For the third steady state, let $$y\sim -\frac12-\frac12\sqrt{1+4\lambda}+\delta y_1$$ Substitute into the above differential equation, we have $$y_1''+\left(\frac12+\frac12\sqrt{1+4\lambda}\right)y_1'-\left(\frac12\sqrt{1+4\lambda}-\frac12-2\lambda\right)y_1=0$$ The two roots are $$r_\pm=-\frac14-\frac14\sqrt{1+4\lambda}\pm\frac12\sqrt{\frac52\sqrt{1+4\lambda}-\frac32-7\lambda}$$ we see that $r_+\ge0$ if $\lambda\in\left[-\frac14,0\right]$ and $r_+<0$ if $\lambda\in\left(0,\infty\right)$, while $r_-<0$ for $\lambda\in\left[-\frac14,\infty\right)$. Therefore, this steady state is unstable if $\lambda\in\left[-\frac14,0\right]$ and stable if $\lambda\in\left(0,\infty\right)$. From here we conclude that $\left(-\frac14,-\frac12\right)$ is a saddle-node and $\left(0,-1\right)$ is a transcritical point.

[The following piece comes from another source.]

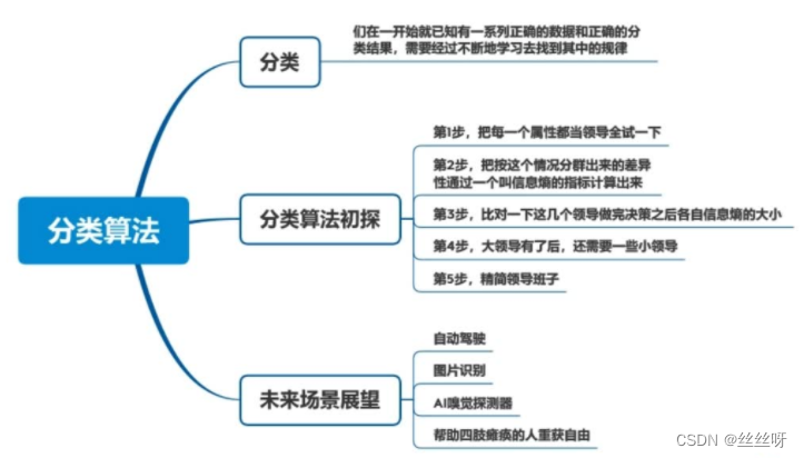 有训练数据集,不断学习规律,然后再测试数据,有监督学习,分类算法核心在于经验不断积累,不断迭代自己的规则,从而得到最好的答案。常见分类算法:C4.5决策树(逐级找领导再剪枝)、朴素贝叶斯、支持向量机SVM、随机森林、逻辑回归……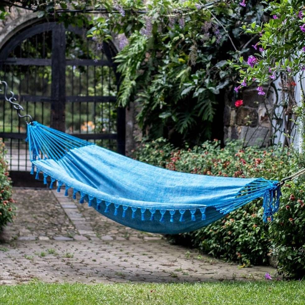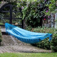 Handwoven Cotton Single Hammock in Azure from Guatemala 'Over the Waves' Item ID: 2671780073

For the limiting circle, let $\lambda=\varepsilon>0$, and $y\sim -\frac12+\frac12\sqrt{1+4\lambda}+\delta y_1$ After subtituting into the orginal differential equation we have $$y_1''+\left(\frac12-\frac12\sqrt{1+4\varepsilon}\right)y_1'+\left(\frac12\sqrt{1+4\varepsilon}+\frac12+2\varepsilon\right)y_1=0$$ By binomial expansion we have the following differential equation, $$y_1''-\varepsilon y_1'+\left(1+3\varepsilon\right)y_1=0$$This equation is weakly damped for small $\varepsilon$. Based on experience, a multi-scale expansion with time scale $t_1=t$ and $t_2=\varepsilon t$ are used. and by assuming that $y_1\sim Y_1\left(t_1,t_2\right)+\varepsilon Y_2\left(t_1,t_2\right)+\cdots$ The final solution for this after some tedious calculation is as below $$y_1\sim \frac2{\sqrt{1+ce^{-\lambda t}}} \cos\left( t+\phi_0 \right)$$ $$y_1'\sim -\frac2{\sqrt{1+ce^{-\lambda t}}} \sin\left( t+\phi_0 \right)$$ where $c,\phi_0$ are constants that depend on the initial conditions.
Final note to take so as to make the analysis complete, for the second steady state, the two roots of the auxiliary equations are $$r_\pm=-\frac14+\frac14\sqrt{1+4\lambda}\pm\frac12\sqrt{-\frac52\sqrt{1+4\lambda}-\frac32-7\lambda}$$ When $\lambda>0$, the two roots are complex conjugates with positive real part, thus unstable focus. When $\lambda=0$, the two roots are conjugate and purely imaginary, this is the Hopf bifurcation point. When $\lambda\in\left(-0.2478,0\right)$, the two roots are conjugate with negative real parts, thus stable focus. Lastly, when $\lambda\in\left(-\frac14,-0.2478\right)$, the two roots are real negative, thus stable node.